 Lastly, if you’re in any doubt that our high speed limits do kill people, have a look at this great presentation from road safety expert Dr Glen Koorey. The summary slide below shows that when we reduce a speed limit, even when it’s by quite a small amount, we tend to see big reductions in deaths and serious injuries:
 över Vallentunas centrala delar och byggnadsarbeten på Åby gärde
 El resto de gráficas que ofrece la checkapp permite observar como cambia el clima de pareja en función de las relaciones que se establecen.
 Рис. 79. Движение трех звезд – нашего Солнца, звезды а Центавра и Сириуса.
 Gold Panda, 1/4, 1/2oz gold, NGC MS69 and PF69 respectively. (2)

+ + + + + + +

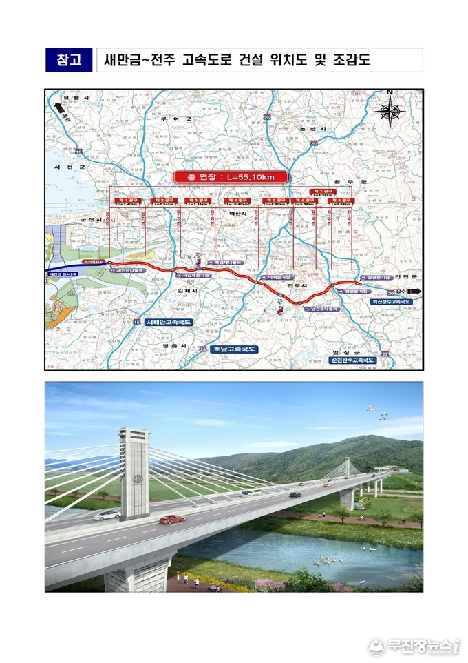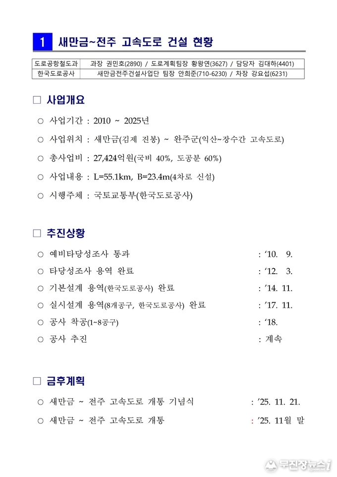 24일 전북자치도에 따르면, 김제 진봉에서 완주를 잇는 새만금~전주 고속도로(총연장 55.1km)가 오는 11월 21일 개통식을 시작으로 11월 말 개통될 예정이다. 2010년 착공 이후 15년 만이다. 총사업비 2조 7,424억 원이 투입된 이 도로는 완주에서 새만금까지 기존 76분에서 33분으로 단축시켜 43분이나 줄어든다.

+ + + + + + +

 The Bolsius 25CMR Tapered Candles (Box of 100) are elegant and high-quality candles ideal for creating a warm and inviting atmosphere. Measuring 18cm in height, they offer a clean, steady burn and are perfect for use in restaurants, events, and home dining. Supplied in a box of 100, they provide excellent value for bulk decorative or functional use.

+ + + + + + +

▶ [Instructions to follow]: Beginning with the line holding "Lastly, if you’re" and ending with the line holding "Gold Panda, 1/4, 1/2oz", write out the stretch of material above exactly; add no further lines.

▶ [Solution]:
 Lastly, if you’re in any doubt that our high speed limits do kill people, have a look at this great presentation from road safety expert Dr Glen Koorey. The summary slide below shows that when we reduce a speed limit, even when it’s by quite a small amount, we tend to see big reductions in deaths and serious injuries:
 över Vallentunas centrala delar och byggnadsarbeten på Åby gärde
 El resto de gráficas que ofrece la checkapp permite observar como cambia el clima de pareja en función de las relaciones que se establecen.
 Рис. 79. Движение трех звезд – нашего Солнца, звезды а Центавра и Сириуса.
 Gold Panda, 1/4, 1/2oz gold, NGC MS69 and PF69 respectively. (2)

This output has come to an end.